## [The records]
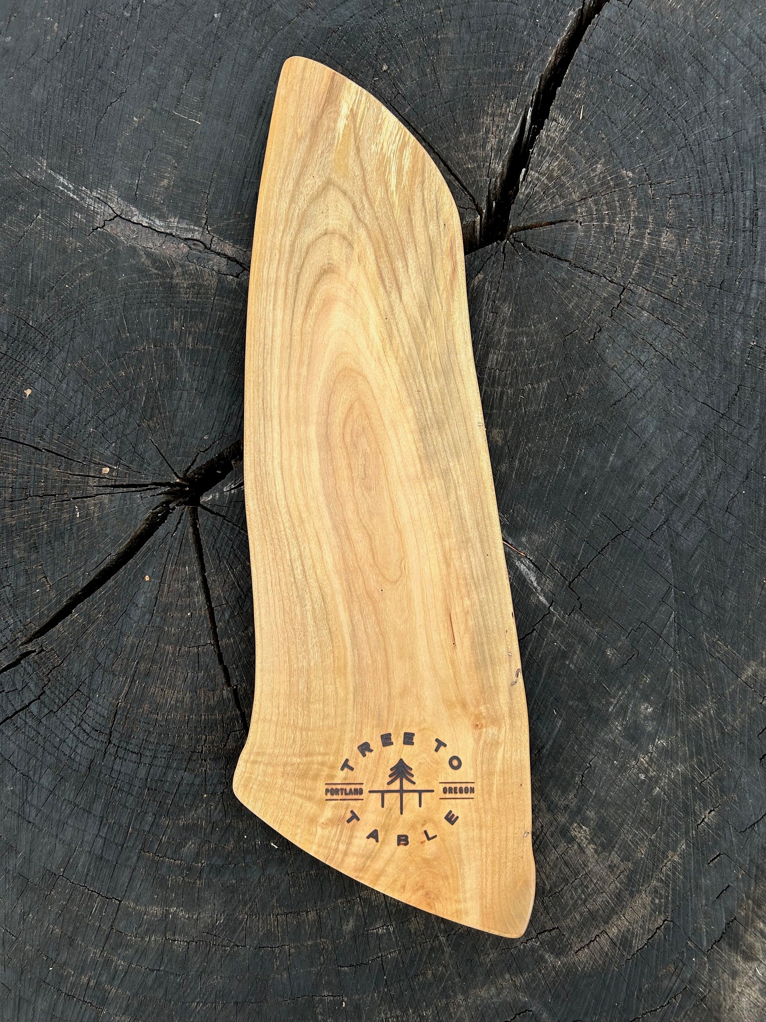 This fun-sized, fun-shaped charcuterie board was handcrafted from salvaged Maple hardwood in Portland, Oregon.
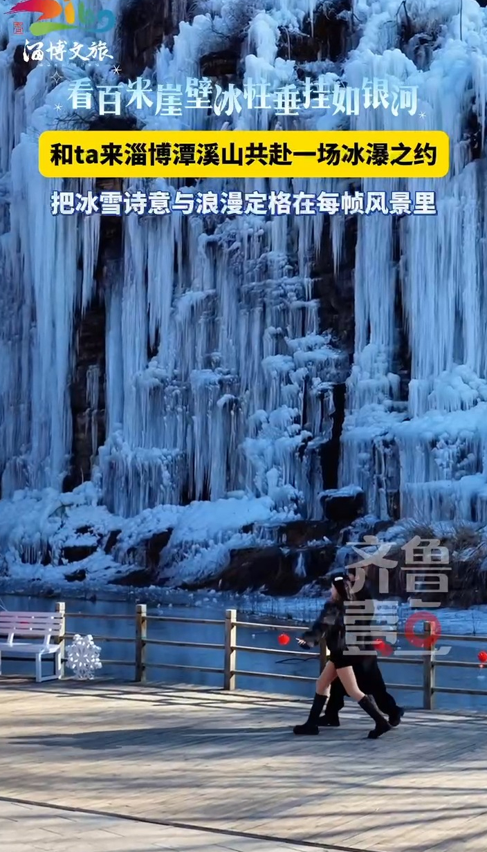 看百米崖壁冰柱垂挂如银河,和ta来淄博潭溪山共赴一场冰瀑之约,把冰雪诗意与浪漫定格在每帧风景里!
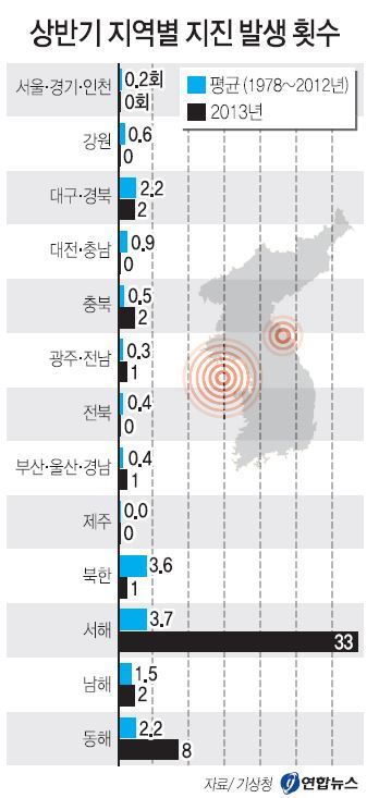 상반기 지진 발생 횟수 50회 중 33회가 서해에서 발생했다. 그중 31회는 백령도와 어청도 해역에서 발생했다.
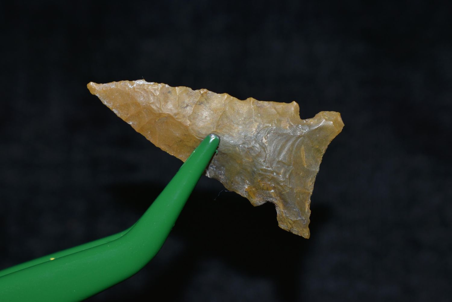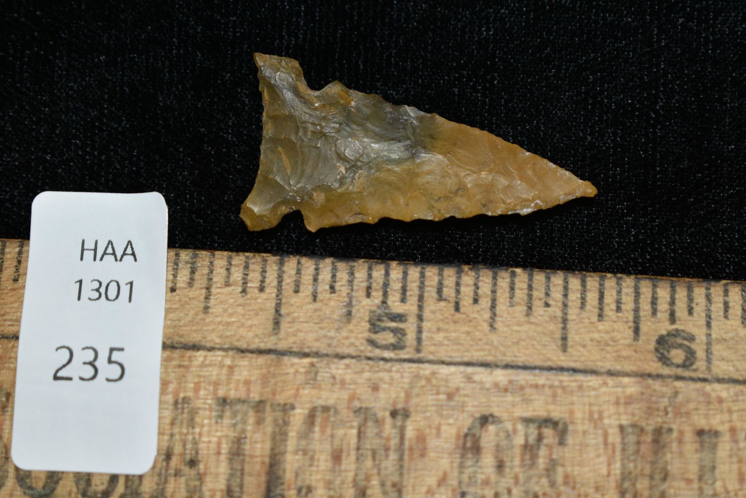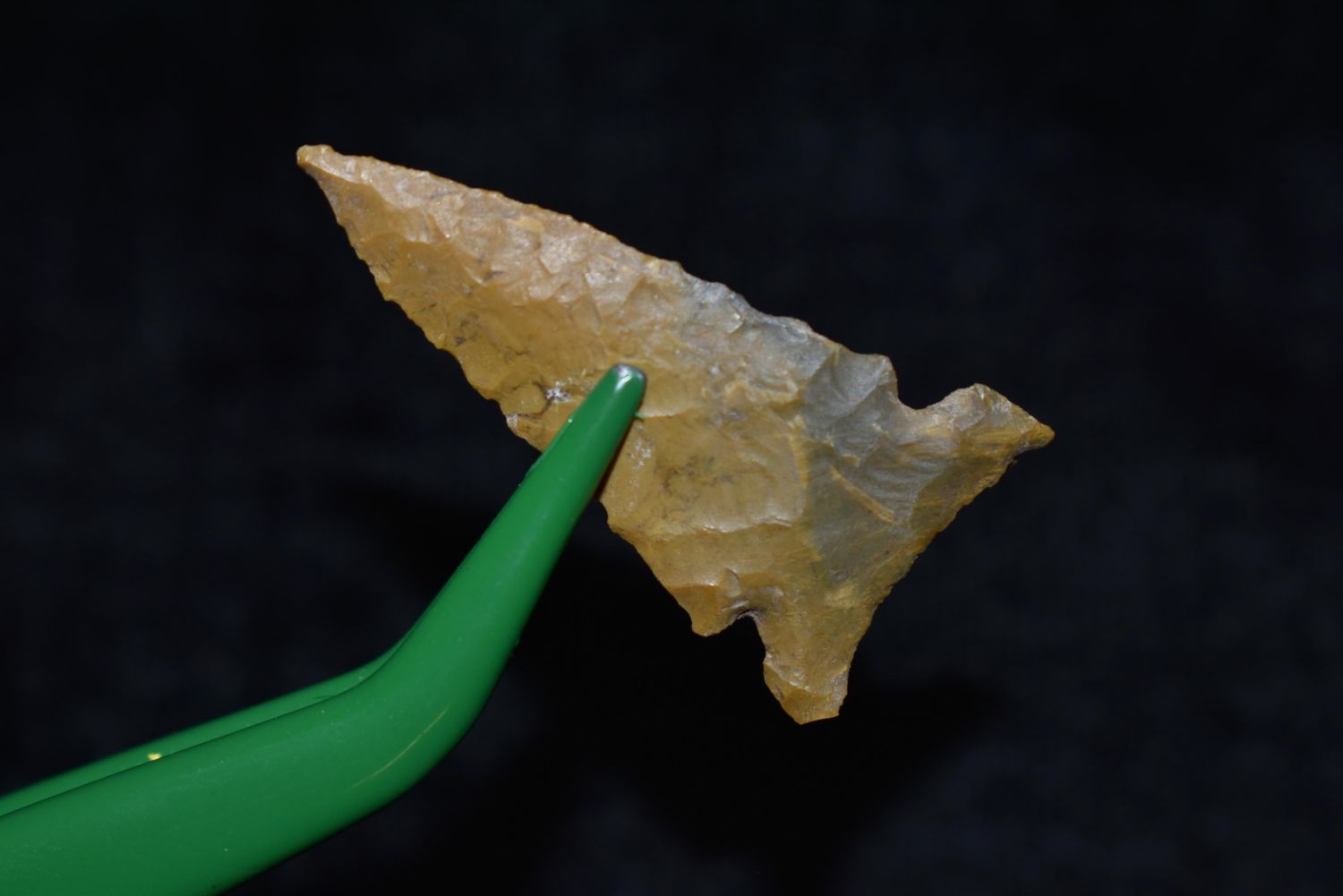 1 1/4" Avonlea, Musselshell, MT, Creel Poore was born and raised in Musselshell, Montana where he found his first arrowhead at a very early age. This led Creel on a lifetime search for Montana’s prehistoric past. Creel owned a ranch in Musselshell and collected from sites and in and around the Musselshell River and tributaries. Every piece in Creel’s collection is personally found. He did not purchase pieces, nor did he accept pieces as gifts. He took pride in the fact he found every piece. He also made the cedar frames from cedar trees that were cut on his ranch. Many of the pieces were collected from the buffalo jumps which were plentiful nearby
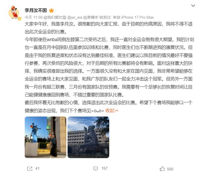 北京时间10月20日中午,WNBA球员李玉儿在自己的SNS上宣布,她将退出11月9日举行的大湾区全国赛。 李玉儿:对不起,因为受伤,我不得不退出这次全国赛。这是她今年在WNBA中第二次左膝受伤。不过,我一直对参加全国比赛抱有很大的希望。我的计划是在这个月中旬回到球队并参加训练和比赛,但我的恢复情况并没有达到预期。医生建议我不要太勉强自己,否则我再次受伤的风险会很高,这会影响以后的所有比赛。李还透露,一月份将有超三联赛(由WNBA球员组成的新联赛),三月份将有国家队世界杯预选赛。需要足够的恢复时间才能完全康复并再次参加比赛,不错过任何重要的国家队比赛。事实上,李Y10月16日,乌尔回国并出席艺术展开幕式。那一刻,我左膝上的铠甲终于脱落了。李月儿自10月5日起首次公开露面。10月5日,李月儿的左膝上还穿着防护服。从8月16日到10月16日,正好是8周时间,这与医学专家对李跃左膝扭伤的判断是一致的。不过,这只是膝伤的恢复计划,并不意味着他就能上场比赛。随着李玉儿的离去,广东国赛女篮从七大联盟变成了杨利伟、黄诗锦、杨淑玉、德拉纳、吴桐桐和陈明琳的六大联盟。这五人都是中国女篮现役队员或曾参加过比赛的队员。郑薇是这支广东省冠军女篮的主教练。李鱼儿可能是唯一能与国家队抗衡的国家官员四川女篮中锋韩旭。如果李月儿停止比赛,广东女篮挑战全国冠军的脚步肯定会黯然失色。四川女篮还拥有多名国手,包括李梦、王思雨、田媛媛、韩旭、高颂、贾赛奇等。

## [Exercise]
Pictures do not go in the copy. Write out exactly the lines from the line containing "were plentiful nearby" through the last line of the listing.

## [Response for this exercise]
 1 1/4" Avonlea, Musselshell, MT, Creel Poore was born and raised in Musselshell, Montana where he found his first arrowhead at a very early age. This led Creel on a lifetime search for Montana’s prehistoric past. Creel owned a ranch in Musselshell and collected from sites and in and around the Musselshell River and tributaries. Every piece in Creel’s collection is personally found. He did not purchase pieces, nor did he accept pieces as gifts. He took pride in the fact he found every piece. He also made the cedar frames from cedar trees that were cut on his ranch. Many of the pieces were collected from the buffalo jumps which were plentiful nearby
 北京时间10月20日中午,WNBA球员李玉儿在自己的SNS上宣布,她将退出11月9日举行的大湾区全国赛。 李玉儿:对不起,因为受伤,我不得不退出这次全国赛。这是她今年在WNBA中第二次左膝受伤。不过,我一直对参加全国比赛抱有很大的希望。我的计划是在这个月中旬回到球队并参加训练和比赛,但我的恢复情况并没有达到预期。医生建议我不要太勉强自己,否则我再次受伤的风险会很高,这会影响以后的所有比赛。李还透露,一月份将有超三联赛(由WNBA球员组成的新联赛),三月份将有国家队世界杯预选赛。需要足够的恢复时间才能完全康复并再次参加比赛,不错过任何重要的国家队比赛。事实上,李Y10月16日,乌尔回国并出席艺术展开幕式。那一刻,我左膝上的铠甲终于脱落了。李月儿自10月5日起首次公开露面。10月5日,李月儿的左膝上还穿着防护服。从8月16日到10月16日,正好是8周时间,这与医学专家对李跃左膝扭伤的判断是一致的。不过,这只是膝伤的恢复计划,并不意味着他就能上场比赛。随着李玉儿的离去,广东国赛女篮从七大联盟变成了杨利伟、黄诗锦、杨淑玉、德拉纳、吴桐桐和陈明琳的六大联盟。这五人都是中国女篮现役队员或曾参加过比赛的队员。郑薇是这支广东省冠军女篮的主教练。李鱼儿可能是唯一能与国家队抗衡的国家官员四川女篮中锋韩旭。如果李月儿停止比赛,广东女篮挑战全国冠军的脚步肯定会黯然失色。四川女篮还拥有多名国手,包括李梦、王思雨、田媛媛、韩旭、高颂、贾赛奇等。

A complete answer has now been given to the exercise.